= Tempo rubato =

Musical term

Tempo rubato (stolen time); /ˈtɛmpoʊ rʊˈbɑːtoʊ/, /ruː-/, /it/;) is a musical term referring to expressive and rhythmic freedom by a slight speeding up and then slowing down of the tempo of a piece at the discretion of the soloist or the conductor. Rubato is an expressive shaping of music that is a part of phrasing.

While rubato is often loosely taken to mean playing with expressive and rhythmic freedom, it was traditionally used specifically in the context of expression as speeding up and then slowing down the tempo. In the past, expressive and free playing (beyond only rubato) was often associated with the terms "ad libitum". Rubato, even when not notated, is often used liberally by musicians, e.g. singers frequently use it intuitively to let the tempo of the melody expressively shift slightly and freely above that of the accompaniment. This intuitive shifting leads to rubato's main effect: making music sound expressive and natural.
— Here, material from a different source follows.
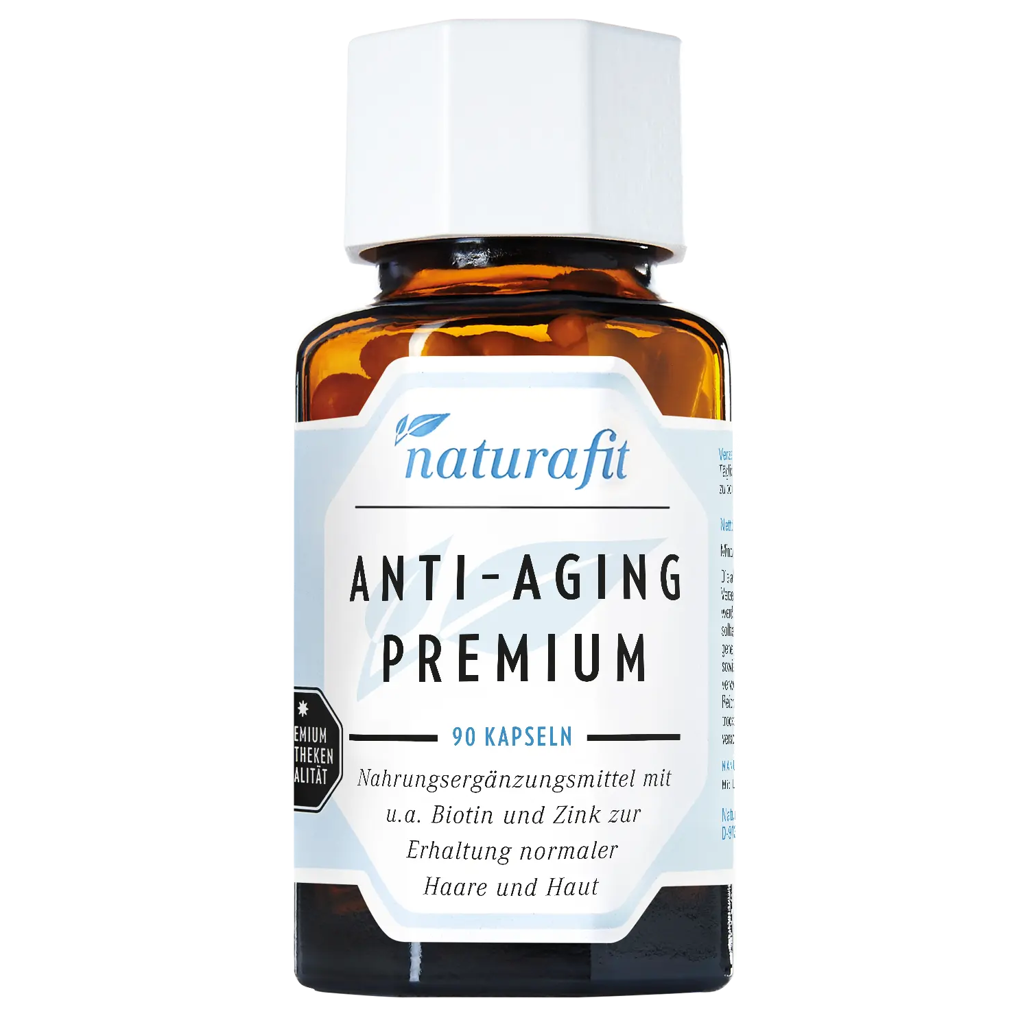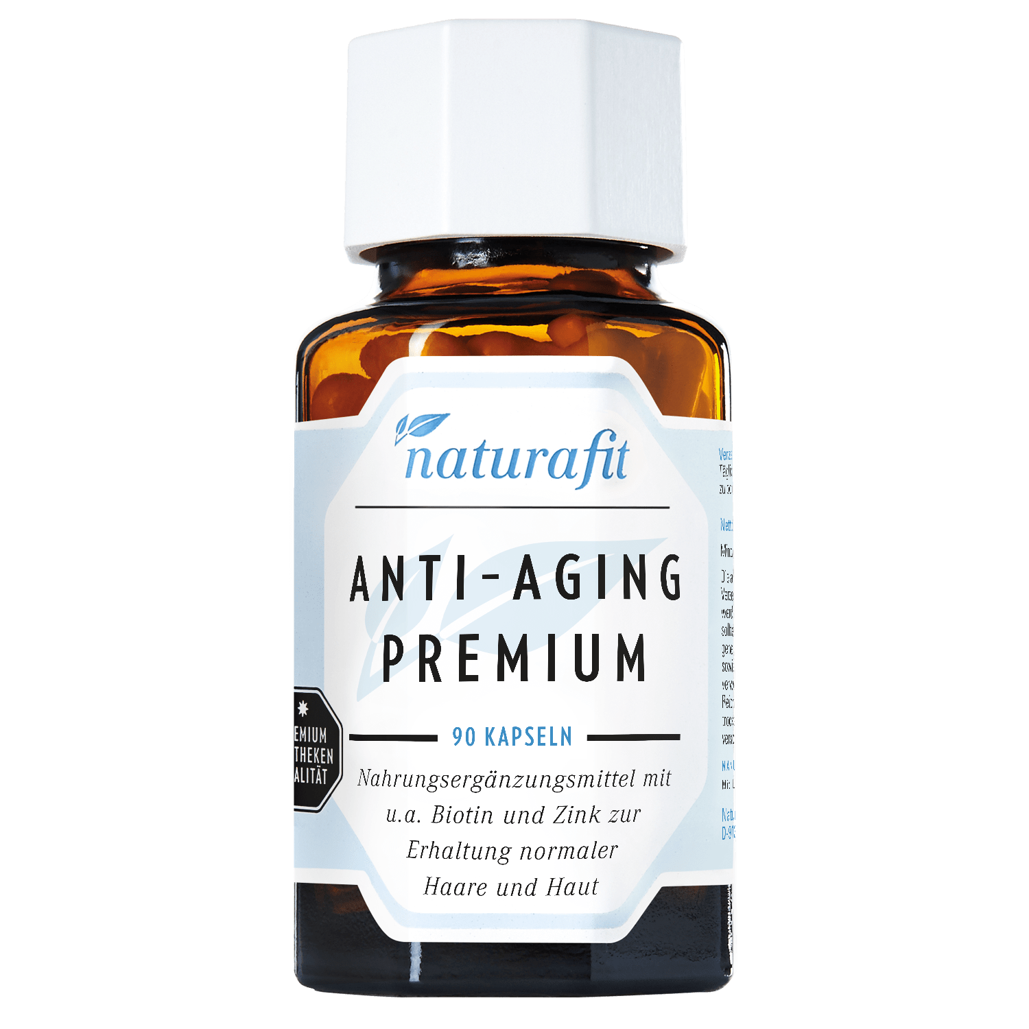 naturafit Anti-Aging Premium enthält  Nährstoffe, welche optimal auf Deine Haut¹ abgestimmt sind und ist frei von zusätzlichen Aromen:

Nineteenth century composer-pianist Frédéric Chopin is often mentioned in the context of rubato (see Chopin's technique and performance style and his adaptation of the bel canto idiom).

The term rubato existed even before the romantic era. In the 18th century, rubato meant expressing rhythm spontaneously, with freedom. In many cases, it was achieved by playing uneven notes. This idea was used, among others, by Ernst Wilhelm Wolf and Carl Philipp Emanuel Bach. In addition to that, Leopold Mozart claimed that the accompaniment should remain strictly in tempo.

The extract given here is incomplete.